CEBU

Briones: State and religion

On the go

APPARENTLY, it’s a big deal, although even that is an understatement.

But two years from now, the province and the whole country will celebrate 500 years of Roman Catholicism. The Archdiocese of Cebu has not wasted its time. It has asked the National Historical Commission of the Philippines (NHCP) and the National Commission for Culture and the Arts (NCCA) to repair the Cathedral Museum, which is located on the street beside the Cebu Metropolitan Cathedral.

The archdiocese wants to make sure the former rectory’s roof, walls and trusses can withstand a natural calamity.

No one wants the more than century-old structure to come tumbling down during a strong typhoon or earthquake in the midst of all the expected fanfare.

Anyway, the NHCP has proposed a P10-million budget for the project.

Final approval rests on the Department of Budget and Management and the President since the National Economic and Development Authority has already given it the thumbs up.

I know many will question why the government needs to be involved in what should be a church endeavor. After all, the Constitution does call for the separation of church and state.

But, as Fr. Brian Brigoli pointed out, the museum is considered a heritage structure so it falls under the jurisdiction of the NHCP. Or something like that. Am I correct?
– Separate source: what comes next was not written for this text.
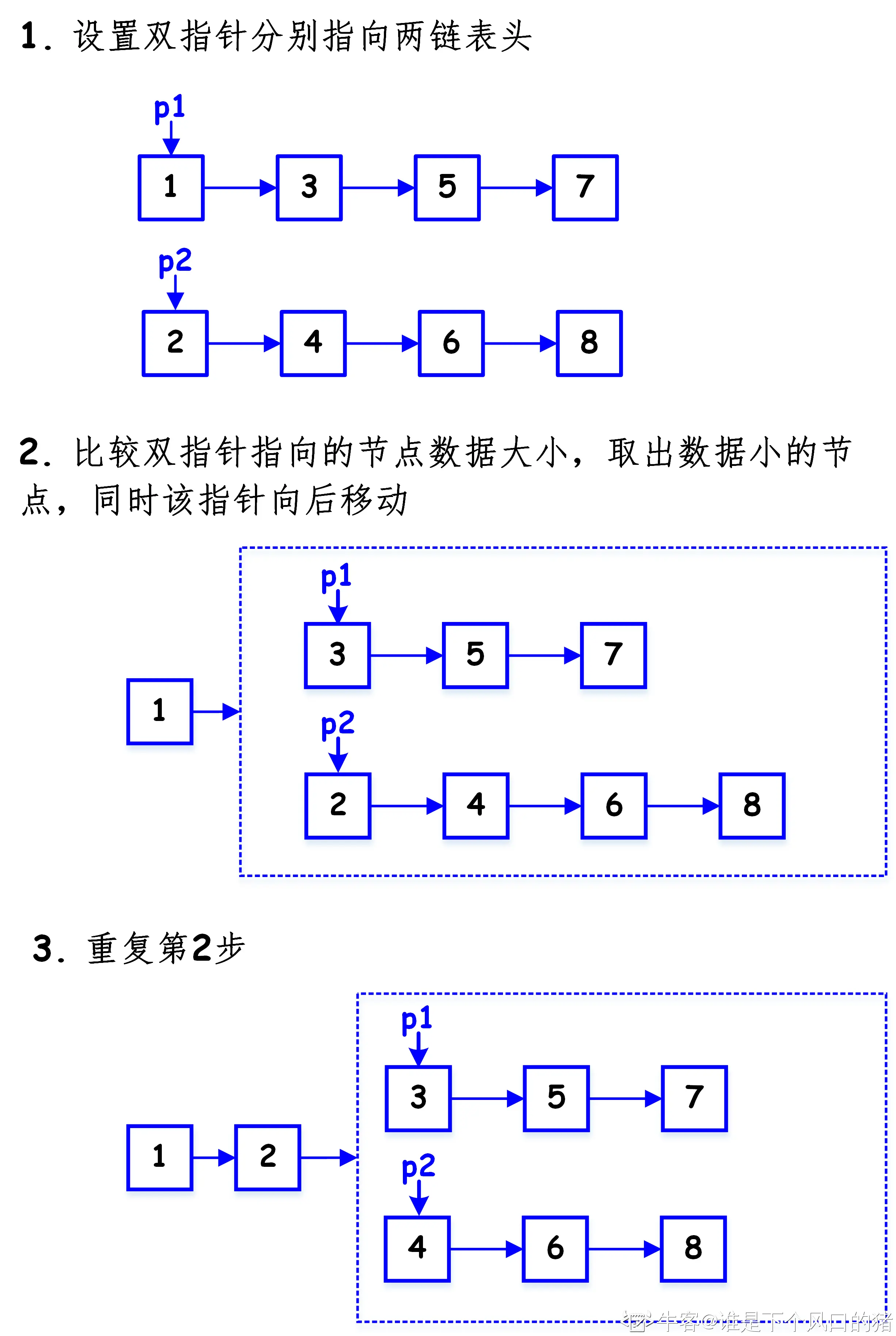 3. 将两个有序链表合并为一个新的有序链表并返回。

Fr. Brigoli is chairman of the Cebu Archdiocesan Commission for the Cultural Heritage of the Church, so I’ll just take his word for it. And he is a priest, after all. And priests don’t lie. Don’t they?

Then again, the church is not exactly poor. It has had the last 498 years to fill up its coffers.

Oh don’t get me wrong. I’m not saying that’s bad. After all, saving souls from eternal damnation can be taxing. And trust me, there are a lot of souls out there that need saving. So it’s only fair that the church should be well compensated for its efforts.

And you all know that nothing is free in this world. Nothing. Not even the keys to Paradise.

Look at it this way. The Catholic faithful should count themselves lucky. At least, they don’t have to blow themselves up in some suicide mission. They just have to pay up.

Uhuh. Thoughts to ponder on.

I guess what I’m trying to say is the church can well afford to fund the project on its own. It doesn’t need government money, money that is better well spent on basic services or feeding, clothing and housing those children that roam the metro’s streets.

Better yet, the archdiocese should ring up Madrid. Spain was responsible for bringing the religion to our shores, it might as well foot the bill for its commemoration.